West Texas Intermediate and Brent crudes rose for a second day
after U.S. employers increased payrolls in March, signaling fuel consumption
may climb in the world’s biggest oil-consuming country.
Futures advanced as much as 1.1 percent in New York, trimming a
weekly decline. Payrolls grew 192,000 after a 197,000 gain in February that was
larger than first estimated, Labor Department data showed today. The
unemployment rate held at 6.7 percent. Brent also rallied as rebels continued
to block exports from Libya’s east as traders await a possible resumption.
“This data shows that the U.S. economy is doing better, which
bodes well for oil demand,” said Addison Armstrong, director of market research
at Tradition Energy in Stamford, Connecticut. “We’re all keeping an eye on
developments in Libya. If there’s a resolution and the oil starts to move, we
could turn around and test the recent lows.”

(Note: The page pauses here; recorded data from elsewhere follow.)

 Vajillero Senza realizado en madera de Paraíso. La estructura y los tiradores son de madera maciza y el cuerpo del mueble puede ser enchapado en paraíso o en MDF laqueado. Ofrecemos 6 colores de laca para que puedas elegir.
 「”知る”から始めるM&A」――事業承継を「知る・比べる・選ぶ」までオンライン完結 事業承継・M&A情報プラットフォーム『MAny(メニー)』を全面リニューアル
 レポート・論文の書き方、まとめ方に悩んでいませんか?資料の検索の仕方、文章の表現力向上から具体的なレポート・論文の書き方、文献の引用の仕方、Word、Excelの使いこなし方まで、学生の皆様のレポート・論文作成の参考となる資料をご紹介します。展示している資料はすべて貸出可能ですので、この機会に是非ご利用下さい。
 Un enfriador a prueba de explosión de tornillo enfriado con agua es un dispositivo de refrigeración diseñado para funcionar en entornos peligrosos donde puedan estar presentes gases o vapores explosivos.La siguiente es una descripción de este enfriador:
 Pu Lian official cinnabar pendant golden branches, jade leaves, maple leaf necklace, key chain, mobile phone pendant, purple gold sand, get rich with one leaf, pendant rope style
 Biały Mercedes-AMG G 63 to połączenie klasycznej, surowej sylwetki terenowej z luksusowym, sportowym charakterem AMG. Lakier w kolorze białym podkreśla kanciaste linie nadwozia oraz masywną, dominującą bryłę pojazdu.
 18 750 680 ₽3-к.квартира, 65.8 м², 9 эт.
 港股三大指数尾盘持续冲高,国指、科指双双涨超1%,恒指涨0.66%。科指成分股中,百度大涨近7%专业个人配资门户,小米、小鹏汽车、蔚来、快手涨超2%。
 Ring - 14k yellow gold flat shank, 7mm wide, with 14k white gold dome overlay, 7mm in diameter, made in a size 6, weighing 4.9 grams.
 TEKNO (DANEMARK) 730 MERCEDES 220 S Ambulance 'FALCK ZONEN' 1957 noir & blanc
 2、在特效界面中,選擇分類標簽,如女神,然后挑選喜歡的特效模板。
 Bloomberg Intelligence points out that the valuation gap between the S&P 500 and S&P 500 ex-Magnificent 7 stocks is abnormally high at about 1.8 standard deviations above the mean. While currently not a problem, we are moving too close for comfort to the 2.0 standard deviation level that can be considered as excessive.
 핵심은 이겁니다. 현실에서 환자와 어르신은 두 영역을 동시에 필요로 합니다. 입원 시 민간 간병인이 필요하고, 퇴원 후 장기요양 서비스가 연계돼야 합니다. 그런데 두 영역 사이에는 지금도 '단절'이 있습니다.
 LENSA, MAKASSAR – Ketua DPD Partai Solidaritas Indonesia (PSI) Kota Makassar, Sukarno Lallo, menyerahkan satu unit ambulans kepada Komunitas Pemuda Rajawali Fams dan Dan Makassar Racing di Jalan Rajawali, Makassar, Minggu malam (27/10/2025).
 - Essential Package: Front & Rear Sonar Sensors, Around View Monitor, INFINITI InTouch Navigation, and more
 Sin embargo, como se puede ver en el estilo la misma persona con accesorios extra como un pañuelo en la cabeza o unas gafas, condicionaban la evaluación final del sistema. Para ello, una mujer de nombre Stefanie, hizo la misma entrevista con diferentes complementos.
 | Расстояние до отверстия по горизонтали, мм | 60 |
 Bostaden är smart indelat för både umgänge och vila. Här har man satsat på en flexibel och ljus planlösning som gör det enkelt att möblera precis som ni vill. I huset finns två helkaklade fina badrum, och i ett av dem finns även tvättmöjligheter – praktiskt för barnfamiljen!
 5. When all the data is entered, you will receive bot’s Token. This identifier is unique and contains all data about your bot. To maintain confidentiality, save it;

WTI for May delivery increased $1.04, or 1 percent, to $101.33 a
barrel at 10:32 a.m. on the New York Mercantile Exchange. Prices are down 0.3
percent this week. The volume of all futures traded was 1.2 percent below the
100-day average.
Brent for May settlement rose 67 cents, or 0.6 percent, to $106.82
a barrel on the London-based ICE Futures Europe exchange. The contract is down
1.2 percent this week. Volume was 14 percent higher than the 100-day average. The
European benchmark crude traded at a $5.49 premium to WTI.